A teacher at Cedar High School in Dallas reportedly assigned their freshman students to watch the trial of former Minneapolis police officer Derek Chauvin, who is facing second-degree unintentional murder, third-degree murder, and second-degree manslaughter charges after kneeling on Floyd’s neck for several minutes as Floyd said he couldn’t breathe.

Watching that trial meant the children also had to see graphic images and footage of the incident.

According to parents, the teacher never asked for their consent to carry out such an assignment. Parents, however, eventually learned about what was going on and wrote to the school, arguing that the trial could impact the mental health of their 14 and 15-year-old children.

“It is unfathomable to me that you felt it appropriate to force my child to watch George Floyd’s murder on television in your classroom and then move on with his day as if nothing had happened,” the letter to the school read, according to a local ABC station.

“This murder seen by millions around the globe was triggering and traumatizing for adults. Yet, you left students to handle their own emotions and mental health as they left your class, without proper and professional support.”

School Responds

The teacher, who has not been named, responded to the parental complaints with an outline of the project. That breakdown laid out plans for students to watch the trial for about 45 minutes each day because they would be “acting as actual jurors in the trial.”

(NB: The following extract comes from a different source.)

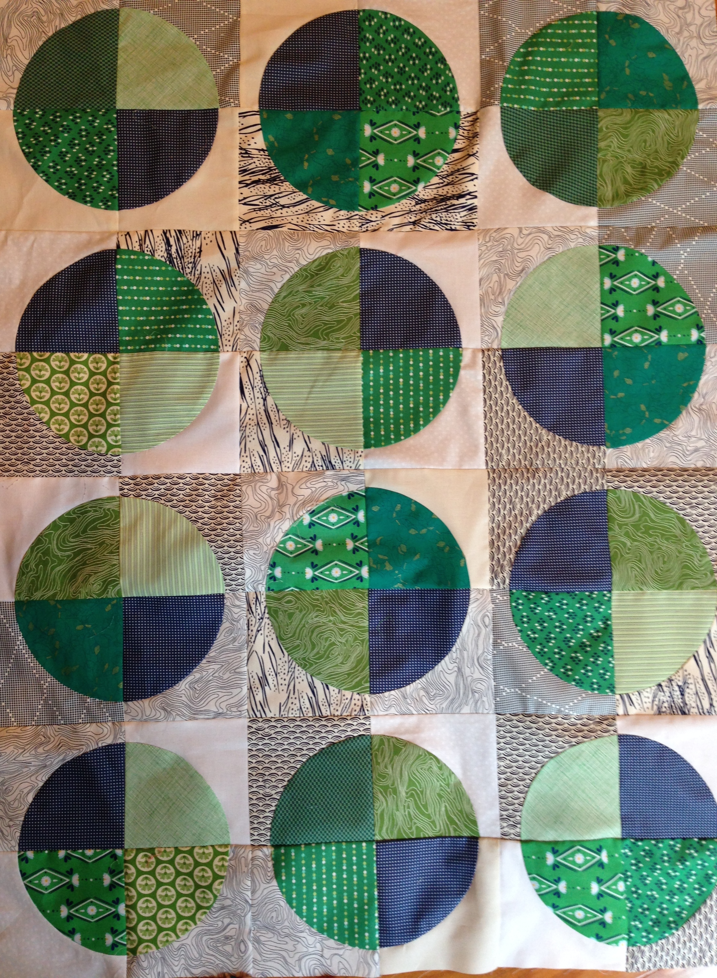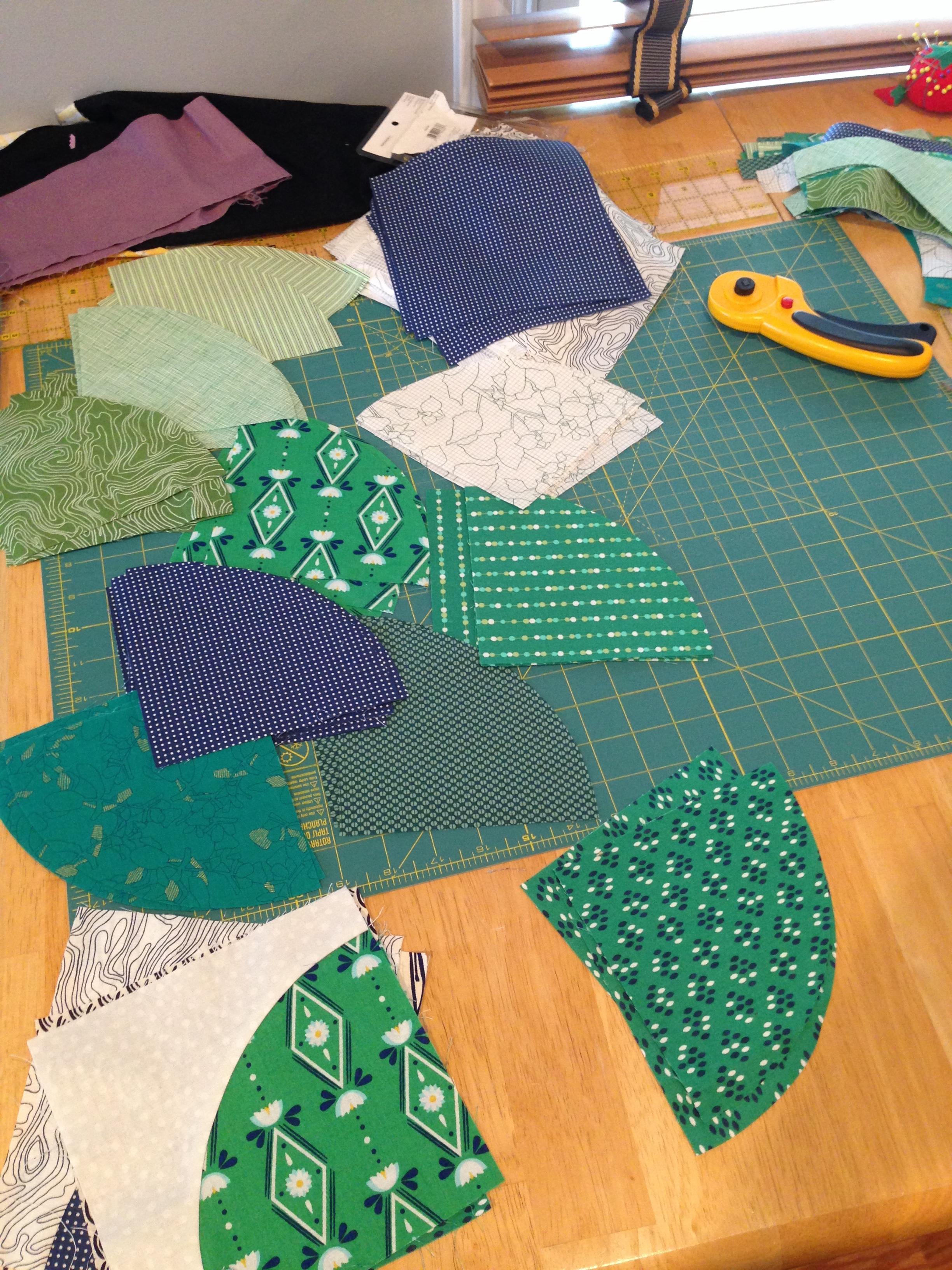 The plan was for low-volume navy and white as the background and all different shades of green and navy in the circles. I did try out some low-volume green (see the white wedges of Botanics next to the rotary cutter), but they didn’t work the same effect. Some of my “low volumes” were really just navy prints on white or ivory background. It was an excellent exercise in value and set rules for layout.

“Therefore, every day, your child will be attentive to the actual trial, listening and paying attention to the evidence of both sides, defense and prosecution, during the trial,” the teacher explained.

The teacher’s memo even said the students were not allowed to speak with anyone about the case for at least six weeks, adding, “They may not text discuss what they hear with friends, siblings, or relatives – not even the family dog.”

In response to the growing outrage, Cedar Hill Independent School District officials issued a statement saying they were aware of the assignment.

“The assignment was not approved by campus or district administrators,” the school district told ABC News. “The matter has been addressed with the teacher, and the assignment was removed.”

In a separate response to parents, Cedar High School Principal Jason Miller wrote, “I don’t feel that viewing and discussing this case in school is age-appropriate for scholars.”